Ozkocer Suheyla Esra, Guler Ismail, Ugras Dikmen Asiye, Bozkurt Nuray, Varol Nuray, Konac Ece
Department of Medical Biology and Genetics, Institute of Health Sciences, Gazi University, Kavaklıdere Çankaya, 06540, Ankara, Turkey.

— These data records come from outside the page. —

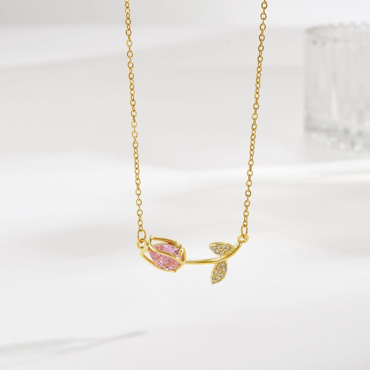Titanium steel non-fading clavicle chain pink rose necklace Women's Light luxury niche design all-matching jewelry Yiwu Wholesale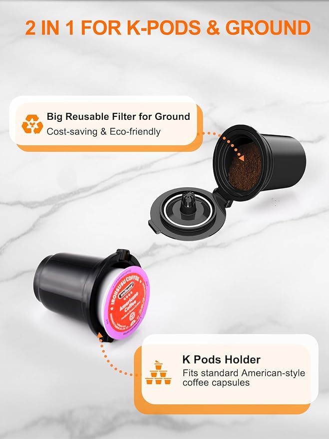 - 【Brew in 2 Ways】Karosie single serve coffee maker is compatible with both K pod and ground coffee, which satisfies the diverse taste needs of coffee lovers. With a brewing capacity of 6–12 oz, it features a one-button operation that fast brews a fresh cup of hot coffee. Great for chaotic mornings when you need caffeine ASAP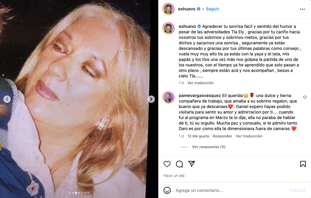 El conductor de Radio Activa despidió a su tía Ely con un emotivo carrusel de fotos, en las cuales se destaca su sonrisa y un momento en el que ambos comparten un feliz abrazo. Además, añadió a la publicación la famosa canción de amor titulada "Memory" de Richard Clayderman.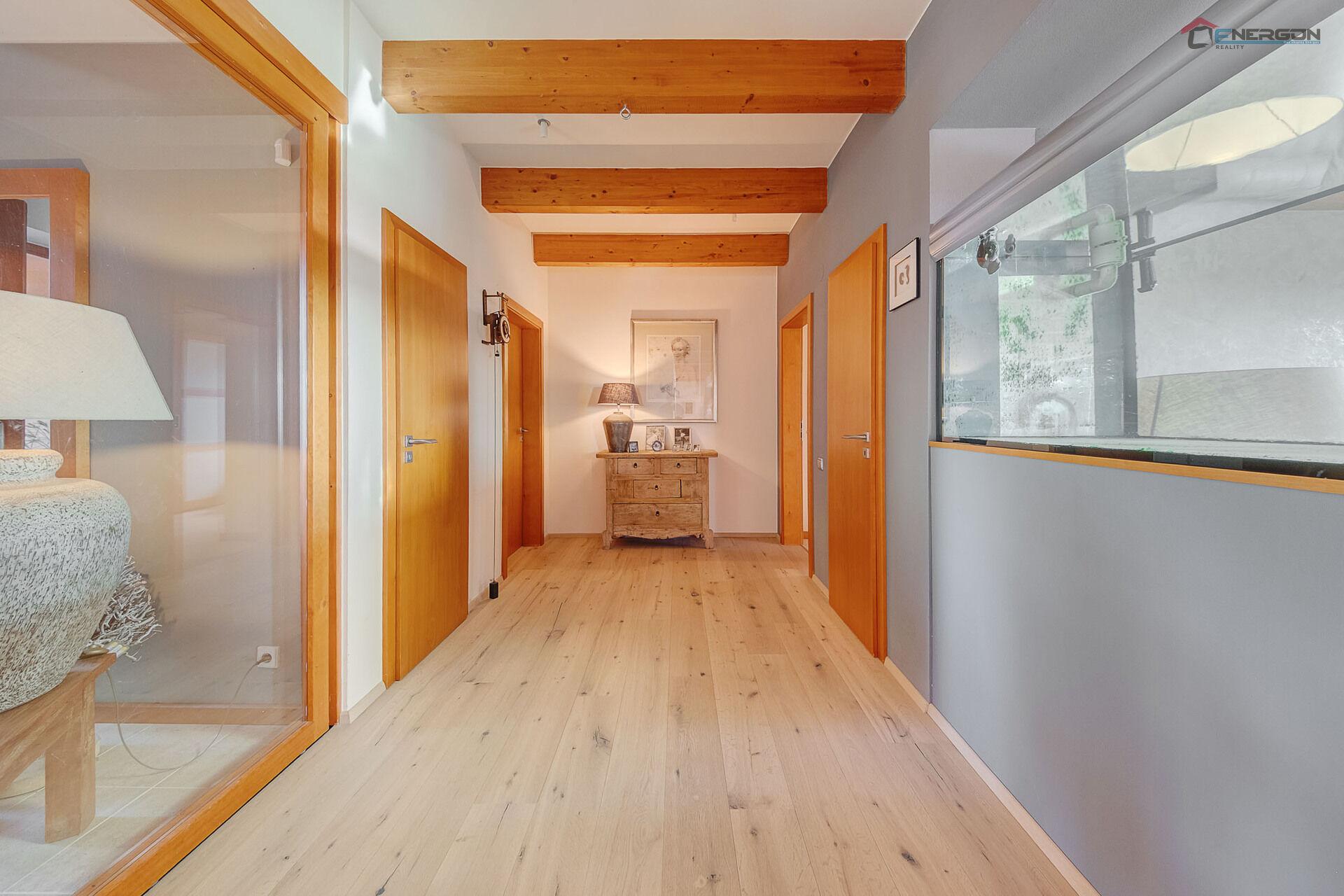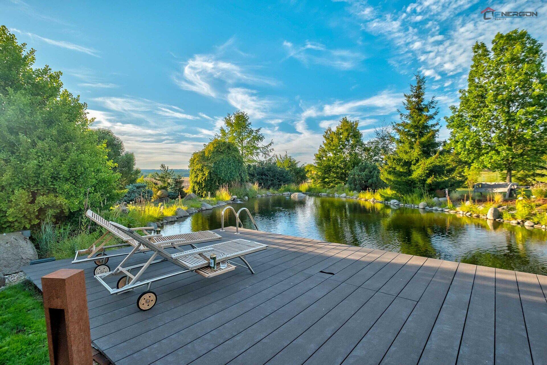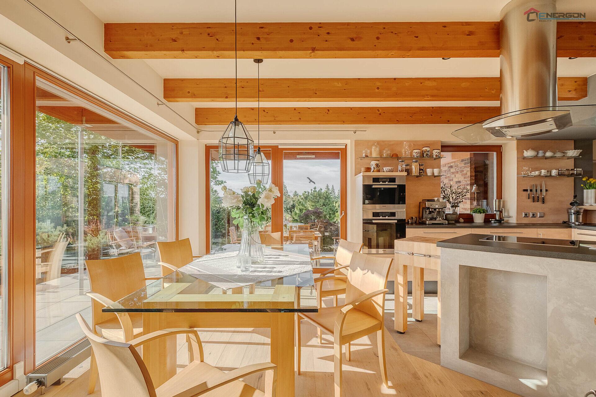 Nabízíme k prodeji velkoryse řešený rodinný dům s jedinečnou atmosférou a úžasným výhledem do krajiny. Jedná se o přízemní bungalov s dispozicí 5+KK a užitnou plochou 267m2. Součástí domu je dvojgaráž a veliká terasa. Dále tu je zahrada plná vzrostlých stromů a keřů, veliké koupací jezírko, nová moderní venkovní sauna. To vše na pozemku celkem 6.957m2. Srdcem domu je veliký obývací pokoj spojený s jídelním a kuchyňským koutem. Dostatek světla zajišťují velkoformátová okna směřující na jihozápad, poskytují uklidňující pohled do překrásné zahrady i ničím nerušený výhled v úhlu 180 ° na brdské lesy. Pocit prostoru a vzdušnosti dodávají také některé prosklené dveře. Součástí obývacího pokoje je velké akvárium. I když jste uvnitř domu, cítíte se spojeni se zahradou a okolní, krásnou přírodou. Dům je velmi prakticky řešený. Byl navržen tak, aby obsahoval křídlo rodičů – ložnice, šatna, koupelna, pracovna. A křídlo dětí – dva dětské pokoje, koupelna, dostatek prostoru pro šatní skříně ve spojovací chodbě. Obě křídla se spojují v obývacím pokoji u velkého rodinného stolu. K obývacímu pokoji přiléhá WC pro hosty, velká komora a technická místnost. Plus malá místnost jako technické zázemí akvária. Všechny části domu jsou promyšleně a prakticky rozdělené, přesto tvoří velmi příjemně propojený celek. Dispozice vnitřních prostor a stejně tak styl vybavení na Vás dýchne jedinečnou atmosférou. • rozloha pozemku je celkem 6.957 m2 • vzrostlé okrasné stromy a keře • tří jezírka propojená potokem, největší z nich je koupací s velkým dřevěným molem • venkovní gril, venkovní ohniště a venkovní sprcha • moderní venkovní sauna citlivě zasazená v zeleni • na pozemku je dostatek prostoru užít si klid, soukromí a relax • prostor pro budování dalších prvků, jako například zahradní altánek, dětské hřiště, kurt apod. • součást domu je dvojgaráž plus možnost parkování pro další vozy na pozemku, tři brány umožňující vjezd na pozemek • potenciál pozemku – v budoucnu případná možnost rozdělit pozemek a získat tak prostor k vybudování dalšího rodinného domu Technologie domu zahrnuje mimo jiné: • tepelné čerpadlo IVT • fotovoltaika 7.360Wp + baterie 20,5 kWh (součástí prodeje je i projekt a všechny komponenty na rozšíření systému o dalších 14 panelů) • krb s rozvodem teplého vzduchu do vedlejších místnosti • podlahové topení v kuchyni a koupelně • dům je napojen na obecní vodovod a kanalizaci, nicméně má na pozemku vlastní studnu (na zalévání, doplňování vody do systému jezírek) a obrovskou nádrž na dešťovou vodu • zahradní závlaha • zabezpečovací systém domu je napojený na bezpečnostní agenturu • robotická sekačka Malá Hraštice je příjemná, čistá a laskavá obec s přibližně tisícovkou obyvatel. Je zde mateřská škola a první stupeň základní školy. Menší, ale moderní obchod s potravinami, restaurace, vyhlášená cukrárna. Za 15 minut se dostanete na Dobříš, za 5 min na dálnici D4 a následně jste do 20 minut v Praze. Malá Hraštice je skvělá základna pro milovníky turistiky a cyklistiky. Brdské lesy lákají k návštěvě v každém ročním období. Tento rodinný dům je opravdovým skvostem a může se stát Vaším novým domovem. Neváhejte nás kontaktovat pro bližší informace a prohlídku.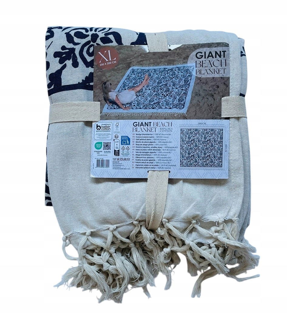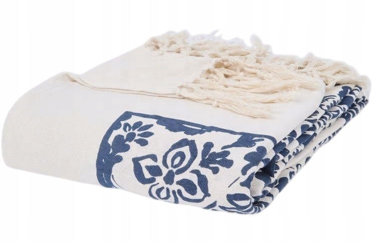 BAWEŁNIANY KOC NARZUTA RĘCZNIK PLAŻOWY wakacje piknik XL KWIATY 200x200 cm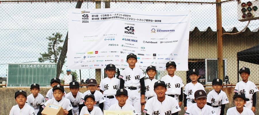 全国の約1500の学童野球チームが頂点を争う「第5回くら寿司・トーナメント2024 第18回学童軟式野球全国大会ポップアスリートカップ星野仙一旗争奪」(くら寿司トーナメントポップアスリートカップ2024、NPO法人 全国学童野球振興協会主催)は、21日、22日に東京・神宮球場でファイナルトーナメントが開催される。北信越地区代表を決めるクライマックスは、10月20日、石川・津幡町立条南小学校グラウンドで開催され、富山・経田(きょうでん)野球スポーツ少年団が全国大会への出場を決めた。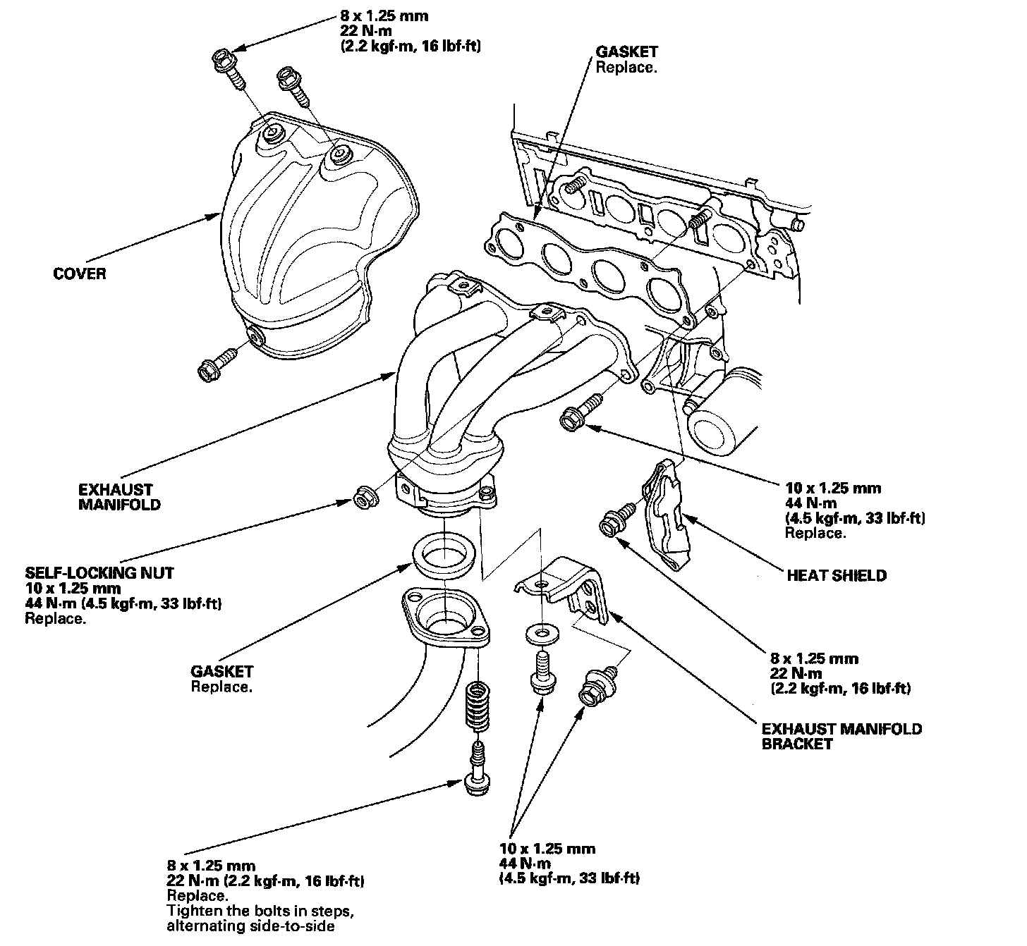 Install the exhaust manifold and tighten the bolts/nuts in a crisscross pattern in two or three steps, beginning with the inner nut.

Department of Histology and Embryology, Faculty of Medicine, Gazi University, Besevler, 06500, Ankara, Turkey.
J Assist Reprod Genet. 2024 Sep;41(9):2289-2300. doi: 10.1007/s10815-024-03202-w. Epub 2024 Jul 17.
To investigate whether the DNA methylation profiles of GNAS(20q13.32), MEST(7q32.2), MESTIT1(7q32.2), IGF2(11p15.5), H19 (7q32.2), and CEP41(7q32.2) genes are related to the transcriptomic and epigenomic etiology of male infertility.
The DNA methylation levels of spermatozoa were obtained from fertile (n = 30), oligozoospermic (n = 30), and men with normal sperm count (n = 30). The methylation status of each CpG site was categorized as hypermethylated or hypomethylated. Expression levels of target gene transcripts were determined using real-time PCR.
The oligozoospermia showed a higher frequency of hypermethylation at GNASAS 1st, 3rd, and 5th CpG dinucleotides (66.7%, 73.3%, 73.3%) compared to the fertile group (33.3%, 33.3%, 40%, respectively). The normal sperm count exhibited a higher frequency of hypermethylation at the 3rd CpG of CEP41 (46.7%) than the fertile group (16.7%). Normal sperm count was predicted by CEP41 hypermethylation (OR = 1.750, 95%CI 1.038-2.950) and hypermethylation of both CEP41 and GNASAS (OR = 2.389, 95%CI 1.137-5.021). Oligozoospermia was predicted solely by GNASAS hypermethylation (OR = 2.460, 95%CI 1.315-4.603). In sperms with decreased IGF2 expression in the fertile group, we observed hypomethylation in the 2nd CpG of IGF2 antisense (IFG2AS), and hypermethylation in the 1st, 2nd, and 4th CpGs of H19. No significant relationship was found between IGF2 expression and methylation status of IGF2AS and H19 in infertile groups.
The disappearance of the relationship between IGF2 expression and IGF2AS and H19 methylations in the infertile group provides new information regarding the disruption of epigenetic programming during spermatogenesis. A better understanding of sperm GNASAS and CEP41 hypermethylation could advance innovative diagnostic markers for male infertility.
研究GNAS(20q13.32)、MEST(7q32.2)、MESTIT1(7q32.2)、IGF2(11p15.5)、H19(7q32.2)和CEP41(7q32.2)基因的DNA甲基化谱是否与男性不育的转录组学和表观基因组学病因相关。
从生育能力正常者(n = 30)、少精子症患者(n = 30)和精子计数正常的男性(n = 30)中获取精子的DNA甲基化水平。每个CpG位点的甲基化状态分为高甲基化或低甲基化。使用实时PCR测定靶基因转录本的表达水平。
与生育能力正常组相比,少精子症患者在GNASAS的第1、3和5个CpG二核苷酸处高甲基化的频率更高(分别为66.7%、73.3%、73.3%),而生育能力正常组分别为33.3%、33.3%、40%。精子计数正常者在CEP41的第3个CpG处高甲基化的频率(46.7%)高于生育能力正常组(16.7%)。通过CEP41高甲基化(OR = 1.750,95%CI 1.038 - 2.950)以及CEP41和GNASAS两者的高甲基化(OR = 2.389,95%CI 1.137 - 5.021)可预测精子计数正常。仅通过GNASAS高甲基化可预测少精子症(OR = 2.460,95%CI 1.315 - 4.603)。在生育能力正常组中IGF2表达降低的精子中,我们观察到IGF2反义链(IFG2AS)的第2个CpG处低甲基化,以及H19的第1、2和4个CpG处高甲基化。在不育组中未发现IGF2表达与IGF2AS和H19甲基化状态之间存在显著关系。
不育组中IGF2表达与IGF2AS和H19甲基化之间关系的消失为精子发生过程中表观遗传编程的破坏提供了新信息。更好地理解精子GNASAS和CEP41高甲基化可为男性不育的创新诊断标志物研究提供帮助。